Jason-Shane Scott (born December 29, 1976) is an American actor.

== Life and career ==
Scott was born in Southern California. At the age of two he moved to Reno, Nevada with his mother and older sister while making frequent trips to Los Angeles to visit his father. Scott attended Wooster High School and excelled at sports, playing baseball, basketball and football. His football talent earned him particular recognition; his team won the state championship and Scott himself was offered numerous football scholarships. Upon graduation, Scott chose to pursue an acting career and moved back to Los Angeles. Enrolled in acting classes, he began studying intensely. He also took up modeling and spent several months in Europe.

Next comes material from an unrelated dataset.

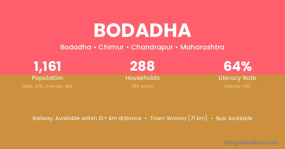 Warora (71 km) is the nearest town to Bodadha village for major economic activities and is located approximately 71 km away.

Upon his return to the United States, he appeared in such films as Shrieker, Until Death, A Turn in the Tree, Caught and Billy's Hollywood Screen Kiss, as well as the Aerosmith videos for "Love Is Hard on your Knees" and "Hole in My Soul". In 1998 he tested for and won the role of troubled teenager Will Rappaport on the daytime serial One Life to Live and moved to New York City. For this portrayal, he received two Soap Opera Digest Award nominations: 1999, Outstanding Male Newcomer; 2000, Outstanding Younger Leading Actor. Scott's three years on OLTL allowed him to polish his acting further as he was given a chain of challenging storylines. In 2001, he left OLTL and New York and returned to Los Angeles. Since then, he has appeared in such films as Wolves of Wall Street (2003), Latter Days (2004) and Starship Troopers 2: Hero of the Federation (2004) and guest starred on such shows as the Lifetime drama For the People (2002), NBC's Scrubs and CBS's CSI: Crime Scene Investigation. Scott has also made a few brief returns to One Life to Live since his departure in 2001, most recently in September 2007. He has appeared on CBS's The Young and the Restless and has co-starred with Brittany Powell in Soapnet's One Minute Soap titled "Too Late".
In 2024 Jason joined the Call of Duty franchise by portraying Jackson Caine in Call of Duty:Black Ops 6. Caine is an operator in the game and a mysterious main character for the campaign.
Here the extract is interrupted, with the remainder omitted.